YFH has also improved its dividend policy from paying out at least 30% of its earnings, as indicated during its listing, to at least 40%. This is because bigger China state-owned banks trading at similar or bigger discounts to book values are offering generous dividend yields of 6% or so, says Chew.

Elsewhere, software company Silverlake Axis is poised to put behind a relatively dry spell of the last two years, as financial services firms, its main customers, held back their spending. “Right now, we’re seeing a bit more pent-up demand,” says Chew, referring to the digitalisation plans of companies which were put on hold.

Silverlake Axis has also been refining its business model to try and win over a bigger proportion of its earnings in the form of recurring income.
Chew has his eye on resources-related stocks too — specifically for coal miners. The embargo on Russian oil and gas by European countries and the lack of renewable energy sources mean that the out-of-favour fossil fuel will still be in demand for the time being.

“There’s no choice and they have to stock up on coal. So, there’s all this new demand coming that will help sustain,” he says. This will benefit two of the more actively-traded coal stocks on SGX: Geo Energy Resources and Golden Energy and Resources, which have appreciated by 28.8% and 153.3% respectively year to date.

Within the S-REIT universe, Chew has in mind Ascott Residence Trust, which has a large footprint with accommodation properties across major markets especially Asia and Europe. Chew sees upside for the stock from the reopening of China, which is maintaining a zero-Covid policy for now. “We think the Big Bang hasn’t happened yet,” says Chew, referring to the expected explosion of inbound and outbound tourists to and from China. “There’s pent-up demand of two years. So, there’s a lot of upside for hospitality,” he adds.

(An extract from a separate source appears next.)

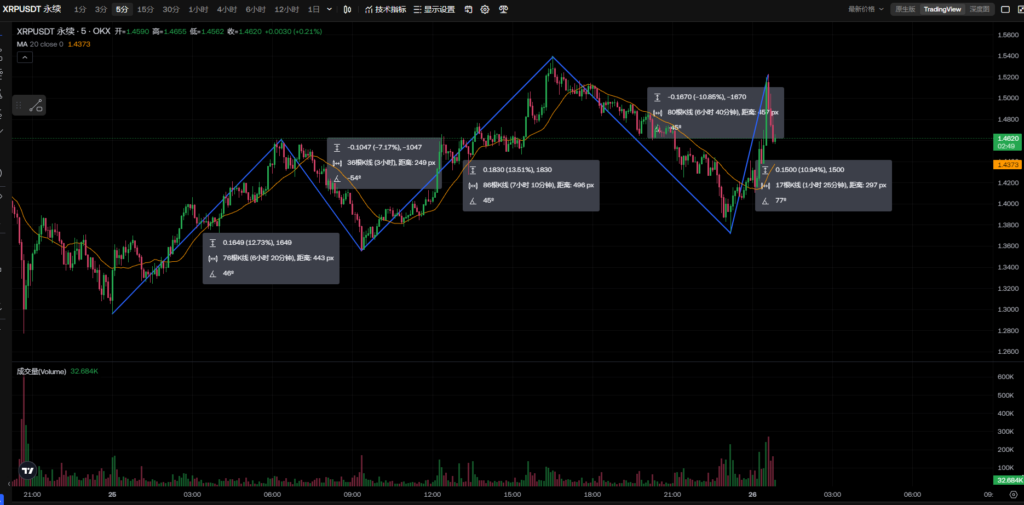 XRP-2024-11-25 振幅18.6%,涨幅8.7% 2024年12月4日2024年11月26日 作者 想飞の猫 XRP五分钟K线走势图 00:00 06:25 6h20m+12.7% 09:25 3h-7% 16:30 7h10m+13.5% 23:10 6h40m-10.8% 00:35 1h25m+10.9%
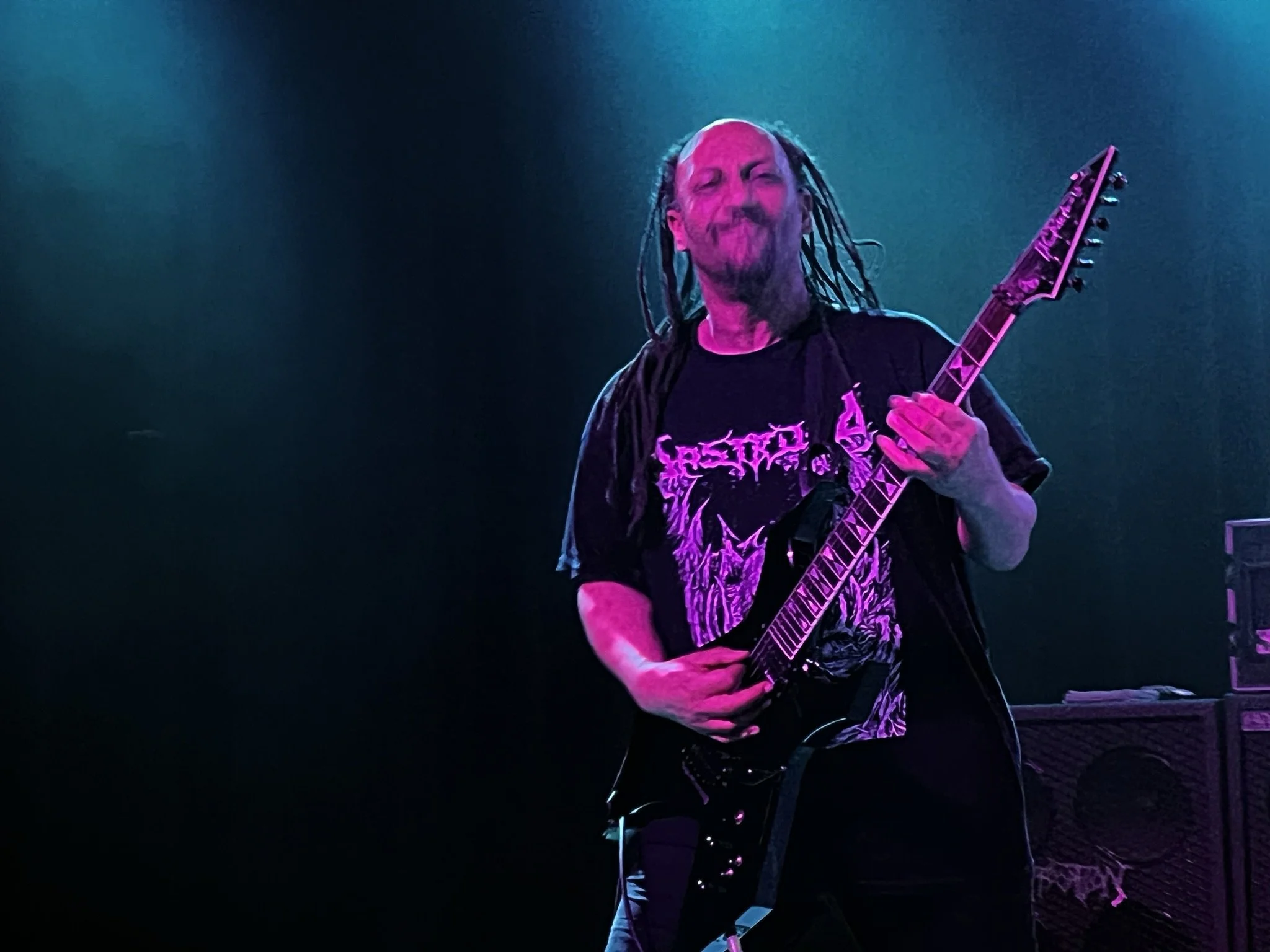 Much like Archspire, for example, it’s an effort and joyfully exhausting watching Atheist, with the amount of music bouncing off one another, you don’t want to miss a single moment. The man, founder, and supremely stunning creator of Atheist, Kelly Shaefer’s reputation certainly had the Glasshouse going bonkers, from his signature singing style, matching every nook and cranny of the music with his hands, as well as his exciting banter in-between songs. You’d believe after 30+ years of singing, the quality would decrease, yet I felt no drop-off vocally, whatsoever. Not alone in keeping that same energy, Yoav Ruiz-Feingold’s Tasmanian Devil-like movement on-stage, spinning in circles playing his bass so damn low to the ground, all while happily mean-mugging the crowd to keep the whirling pit going. “Mother Man” was all Yoav and Anthony Medaglia, from that dazzling bass intro, to Medaglia’s astonishing Fusion beats and perfectly-timed fills, leading into that marvelous trip to 1989, “Piece of Time.” This is now my 3rd time seeing this lineup of Atheist, and I tremendously hope it stays. Their near 60-minute set went by like a warmup, and the longest set I’ve seen from them. Another brilliant, spectacular performance from one of Death Metal’s greatest.

Chew also has his eye on very low-profile names too, such as A-Sonic Aerospace. Struggling for years, the company has been on the SGX Watch-List since June 2017. However, its freight-forwarding business has picked up amid the overall logistics boom, which has helped the company report revenue of $459.6 million for FY2021 ended December 2021, up 74.8% over FY2020, while earnings were up 4.6% to $6.62 million from the previous year.

As at Dec 31, 2021, A-Sonic has a cash balance of $39.4 million compared to its current market value of around $50 million, which meets a key requirement of having at least $40 million to apply for exit from the Watch-List, which the company has done so on May 12.